大したものである。
肝っ玉の小さい、そして情勢を見極められない、
無能で鈍感な男どもが、その権勢に恐れをなし、
「余人をもって代え難い」などと後々のおこぼれに、
預かりたいがために阿諛追従していたのに対し。
ここぞというタイミングで、勝負手を放った。
自身の力で権力を奪取する気概などさらさらなく、
ただただ既成の権力に阿ることによって出世階段を昇ろうとする、
無能で鈍感な男どもと、小池百合子は、まったく存在を異にする。
自らの手で権力を奪取する気概に満ち、その機会を、虎視眈々と、
狙っているのである。
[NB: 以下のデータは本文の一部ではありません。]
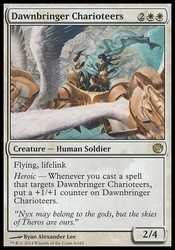 | Card Text | Flying, lifelink Heroic - Whenever you cast a spell that targets Dawnbringer Charioteers, put a +1/+1 counter on Dawnbringer Charioteers. |

返り血を浴びる覚悟は、とうに決めている。
小池百合子という女性を考えるとき、僕は、
スキャンダル小説として世に知れた、
三島由紀夫の問題作『宴のあと』のヒロイン、
福沢かづを、想起せずにはいられない。
世界的文豪は、作中のヒロインを、こう活写する。
ー何か天の恵みによって、男性的な果断と
女性的な盲ら滅法の情熱とを一身に兼ねそなえたこういう女は、
男よりももっと遠くまで行くことができるのだ。
ーあいつは今にえらいことをやるだろう。
日本を引っくりかえせといえば、それもやりかねない。
男なら風雲児と云われるところを、
女だからやり手と云われるくらいですんでしまう。
どうです、小池百合子、みたいでしょ。
日本の政治リーダーが、
日本語の読み書きも満足にできない、
安倍晋三や菅義偉しかいないのなら、
小池百合子のほうが、ずっとマシだ。
小池百合子は、自らの言葉で自らの政治思想を語れる、
政治家である。野党に政権奪取の能力がないのならば、
小池百合子総理で、いいじゃん。少なくとも今よりは。